Standard Q Learning — Discrete Space

Q Learning is an off-policy RL method — the policy that generates the data does not need to be the same policy that you are improving using it. In discrete tabular setting, this can be solved via simple dynamic programming. Q should tell you the discounted sum of rewards, and thus can be framed recursively as a local update.

Given state s_t, action a_t, reward r_{t+1} for taking a_t at s_t, discount factor \gamma

Q_{\textup{new}}(s_t, a_t) \gets \left(r_{t+1} + \gamma \max_{a'} Q(s_{t+1}, a') \right)

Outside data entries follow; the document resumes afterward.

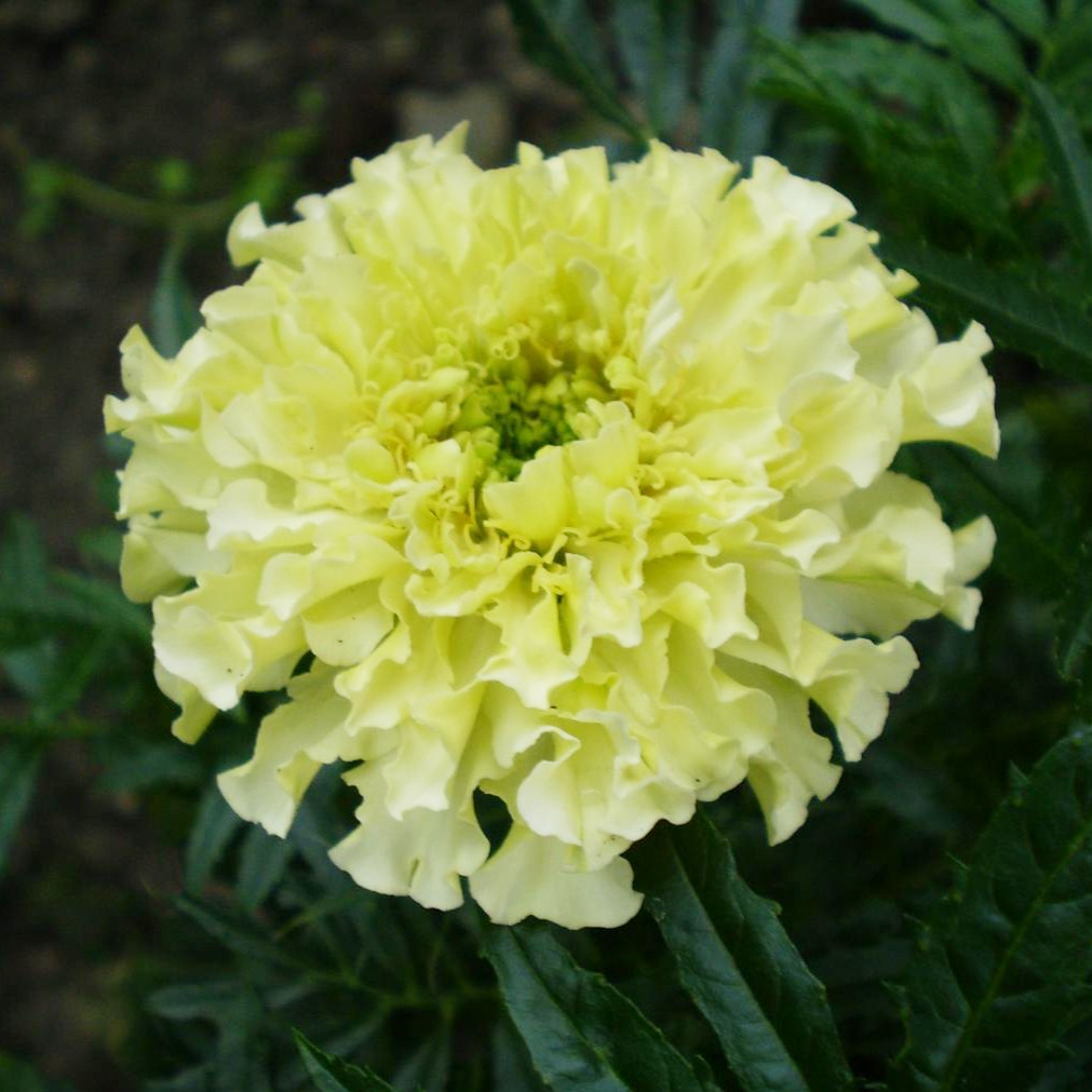 Large flowers up to 3" across are creamy-white, and fully double. The 'Kolimanjaro' are unique because the flowers start rounded, and then open up to reveal a golden center!
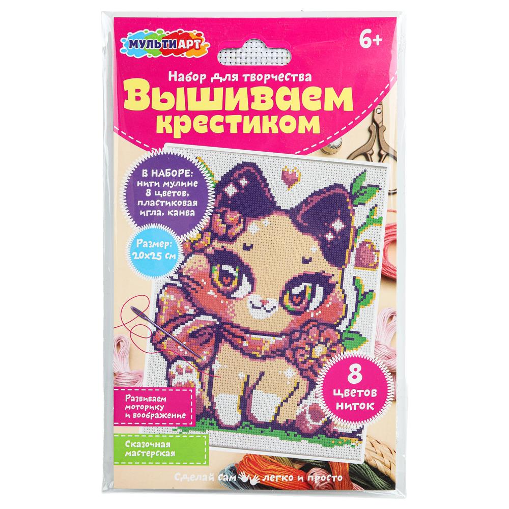 При помощи этого набора, маленький художник сможет создать красивую вышивку с изображением очаровательной кошечки. В целях безопасности игла из набора изготовлена из пластика и специально затуплена. Яркую поделку можно вставить в рамку и подарить близким или использовать для украшения комнаты.
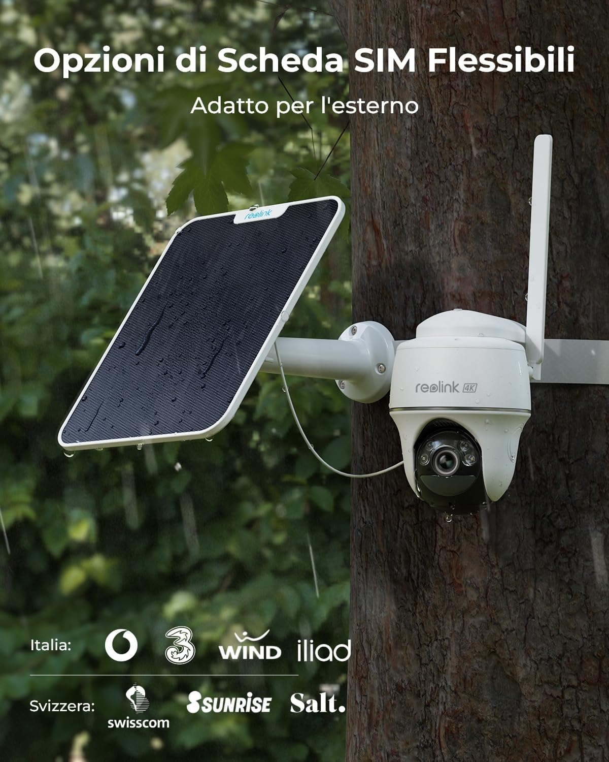 | Funzioni speciali | 3G/4G LTE Sim, Fotocamera 4K 8MP, Visione Notturna a Colori, Rilevamento di Persona/Veicolo/Animale, 360° Tecnologia PTZ, Batteria Ricaricabile, Energia Solare, Registrazione Locale & Cloud, Audio Bidirezionale |
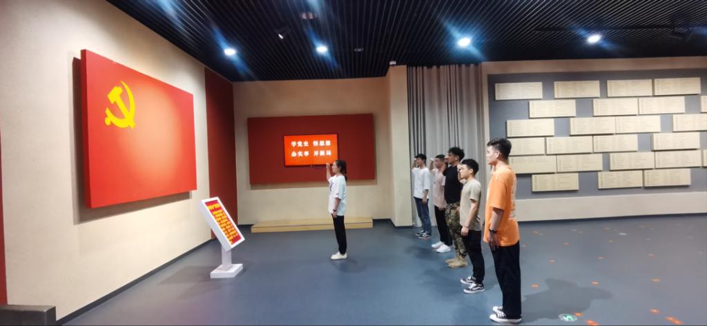 參觀結(jié)束后,班級(jí)里的黨員同志們?cè)谡褂[廳內(nèi)面向黨旗自發(fā)地重溫入黨誓詞,回顧入黨時(shí)的錚錚誓言,立志奮進(jìn)新時(shí)代,啟航新征程。
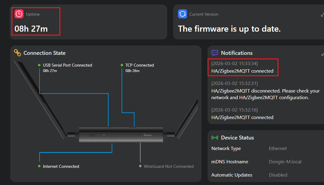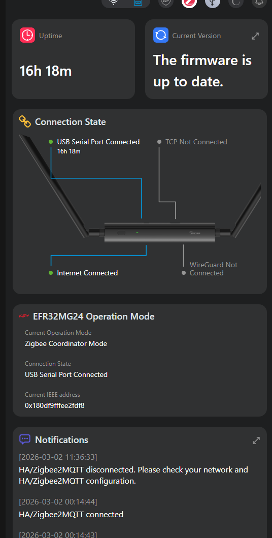 And zigbee2mqtt currently can’t communicate properly with the dongle when it is in MultiPAN mode. Let me know if there are new releases, I would be happy to test them.
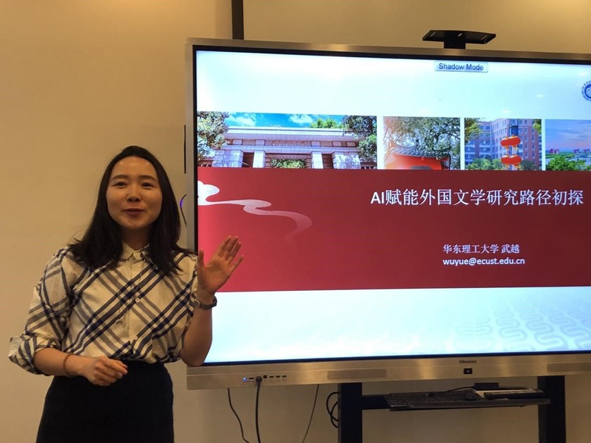 武越博士以“AI赋能外国文学研究路径初探”为题,演示数字人文工具Voyant Tools与AI结合的分析方法。通过展示使用这一方法对《弗兰肯斯坦》和美国华裔作家汤亭亭四部作品的研究,她提出“远读”与“细读”融合的新范式,提供了情感分析和空间流动分析的新模式,同时反思AI数据处理同样存在“思维定势”和数据统计容易脱离语境等局限性。

Thus, written a least squares loss function L_Q

L_Q(s_t, a_t) = \left(Q(s_t, a_t) - \left(r_{t+1} + \gamma \max_{a'} Q(s_{t+1}, a') \right) \right)^2

Actor Critic — Handling Continuious Space

In discrete space, \max_{a'} is computable as we can enumerate all possible actions. In continuious action space, this is not possible. Thus, we must replace this exhaustive max with a learned “actor” that takes actions, with the Q function taking the role of “critic”.

Deep Deterministic Policy Gradient (DDPG)

In DDPG, the actor learns a simple determinstic mapping from state s_t to action a_t, with noise added for exploration during data collection, i.e.

a_t = \mu_\theta(s_t) +\mathcal{N}(0, \sigma^2)

during training and

a_t = \mu_\theta(s_t)

during inference. Thus, for a given batch of data, the critic can be optimized via a modified Q loss, i.e.

L_Q(s_t, a_t) = \left(Q(s_t, a_t) - \left(r_{t+1} + \gamma Q(s_{t+1}, \mu_\theta(s_{t+1})) \right) \right)^2

and then the actor optimized to maximize the Q value; this can be done by simply minimizing the negative of the Q function, i.e.

L_\mu(s_t, \theta) = -Q(s_t, \mu_\theta(s_t))